Уайд в тот раз лидировал, он уверенно шел впереди Нурми и Ритолы, а потом так и остался лежать на дистанции. Не выдержал темпа, который сам задал. Берт проиграет сегодня так же, как в свое время проиграл Уайд. Он уйдет из спорта, но они будут говорить о нем и сегодня и завтра; они будут вспоминать, что поверили в него, возложили на него свои надежды и поддержали как могли; будут вспоминать, что им казалось, будто от его победы зависела и их победа. А потом они решат, что он не оправдал их ожиданий, решат в следующий раз осторожней выбирать себе фаворитов. Ибо победы забываются быстро. Так что же случится, если он их разочарует? Где теперь Бенет, где Забала и Эль Квафи? Кто помнит еще об итальянце Бечали или о Супе, сухопаром японце? Имена их внесены на спортивные доски почета и почиют в бозе на этих огромных, хорошо обозримых «кладбищах». Достойны ли они большего? И как велики заслуги бегунов? Так ли они велики, что спортсменам надо всю жизнь подносить букеты?

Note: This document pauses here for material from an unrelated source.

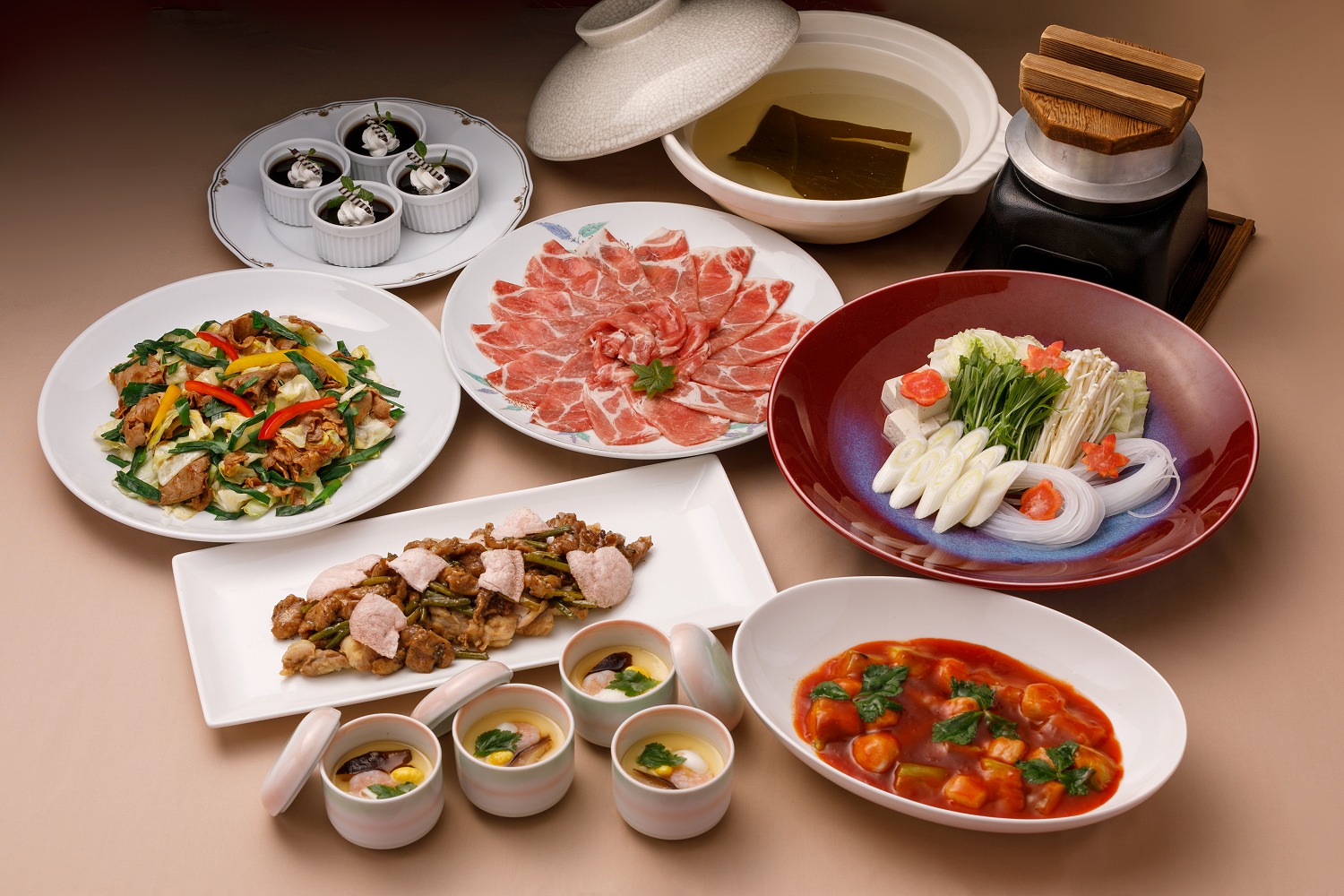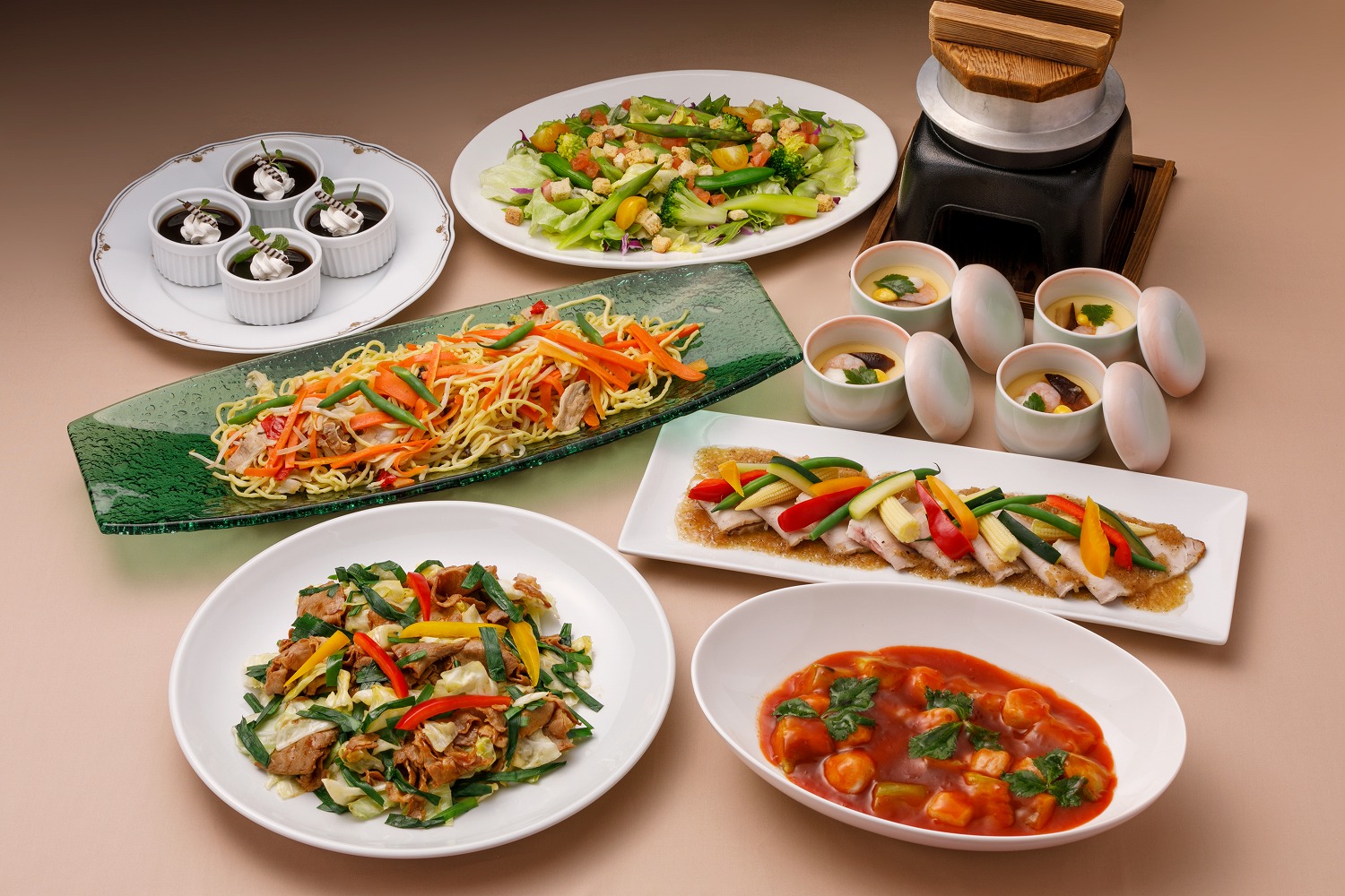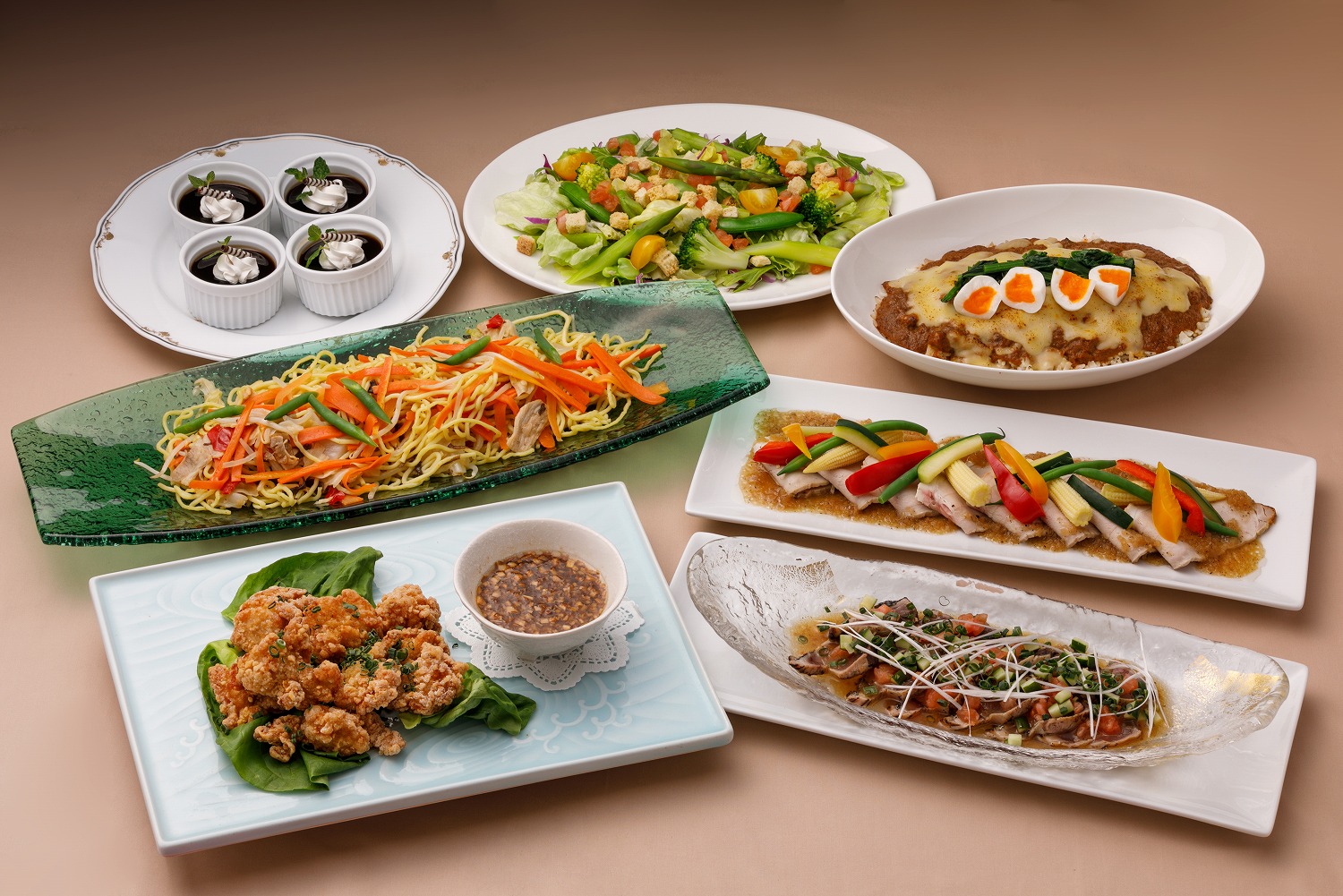 大分の名産のニラを使った大分ご当地グルメ「ニラ豚」と「ローストポーク」を中心とした、お得な皿盛りごはんセットです。(写真は4名様の盛り付け例です)

…Смотрите-ка, Оприс! Румынский спортсмен Оприс убедительно заявляет о себе, хотя от него этого не ждали. Он делает энергичный рывок и подтягивается к Сибону, который с удивлением оглядывается и бежит теперь по внутренней кромке дорожки, намереваясь пропустить Оприса, но Оприс не желает идти впереди Сибона, до поры до времени он хочет сохранить тот же порядок. Руководители соревнований рассказывают, что Оприс был когда-то пастухом; грек Спиридон Луи, который победил в марафоне на первых современных олимпийских играх, тоже был пастухом. Луи вырвался вперед на последних километрах, когда все остальные бегуны изнемогали от жажды и усталости… Муссо и датские спортсмены бегут группкой… Репродуктор заговорил, очередное сообщение… Это мы уже знаем… Мегерлейн сошел с дистанции из-за травмы… Если Берт сумеет добиться преимущества в шестьдесят метров и удержит его до последнего круга… Да нет же, при таких противниках это невозможно! Довольно думать о всякой чепухе! Все кончено, нет смысла высчитывать его шансы на победу. Пусть оставят его далеко позади, пусть обгонят на последних кругах. Пусть ему покажется, будто на ногах у него гири! Может быть, тогда он наконец поймет, что все дело в том, умеет ли человек от чего-нибудь отказываться, чем-нибудь жертвовать. Даже для разлуки существуют хорошие и плохие мгновения; его хорошие мгновения давно прошли. Пусть гибнет, я не стану сочинять некролога. Конечно, мне придется упомянуть о нем, придется описать этот забег. Я мог бы дать такую шапку: «Все в последний раз…» Впрочем, есть еще более удачный заголовок: «Безнадежный бег. Впереди стена…»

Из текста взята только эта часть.